Frames2Residual: Spatiotemporal Decoupling for Self-Supervised Video Denoising
This work improves video denoising quality for applications like video processing and computer vision, though it is incremental as it builds on existing self-supervised frameworks.
The paper tackled the problem of self-supervised video denoising by addressing the trade-off between temporal consistency and spatial texture recovery, proposing Frames2Residual (F2R) which outperformed existing methods on sRGB and raw video benchmarks.

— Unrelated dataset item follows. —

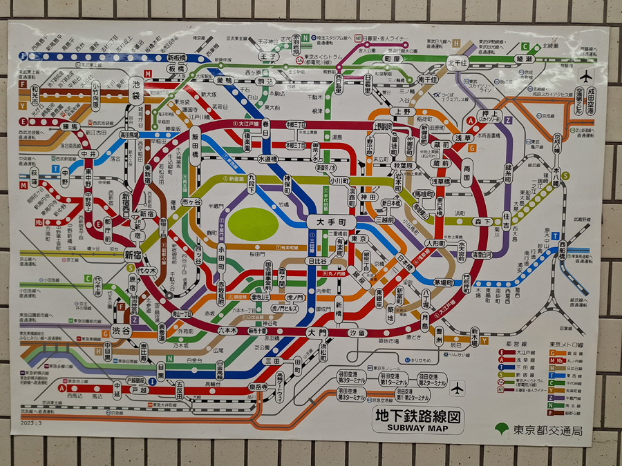Skvělé mi v něčem přišlo i metro. Ano, je to trochu chaos, protože po jedné koleji může jet několik různých společností, které ne všechny staví ve stejných stanicích a ne všechny stojí stejně. Nebo je to minimálně stejná stanice a než se zorientujete, co je fakt metro a co JR, které je dražší, může se to lehounce prodražit. Na druhou stranu ani tohle není zas takový problém, ve stanici je přístroj, kde si jízdenku „dobijete”, aby vás turnikety pustily ven. Fantastický mi ale na metru přišel systém značení. Jednak pomáhá orientaci stará dobrá barva. Pak má každá linka svoje jméno a svoje písmeno. Absolutně blbuvzdorné i pro nejaponce je značení jednotlivých stanici pomocí písmena a čísla (tedy naše oblíbená fialová Hanzomon line má stanice Z1-Z14, třeba). Většina nápisů v metru byla s anglickým překladem, ale ve chvíli, kdy vám ten jazyk není blízký, jednoduché písmeno, číslo a barva hodně pomáhá.

Self-supervised video denoising methods typically extend image-based frameworks into the temporal dimension, yet they often struggle to integrate inter-frame temporal consistency with intra-frame spatial specificity. Existing Video Blind-Spot Networks (BSNs) require noise independence by masking the center pixel, this constraint prevents the use of spatial evidence for texture recovery, thereby severing spatiotemporal correlations and causing texture loss. To address this, we propose Frames2Residual (F2R), a spatiotemporal decoupling framework that explicitly divides self-supervised training into two distinct stages: blind temporal consistency modeling and non-blind spatial texture recovery. In Stage 1, a blind temporal estimator learns inter-frame consistency using a frame-wise blind strategy, producing a temporally consistent anchor. In Stage 2, a non-blind spatial refiner leverages this anchor to safely reintroduce the center frame and recover intra-frame high-frequency spatial residuals while preserving temporal stability. Extensive experiments demonstrate that our decoupling strategy allows F2R to outperform existing self-supervised methods on both sRGB and raw video benchmarks.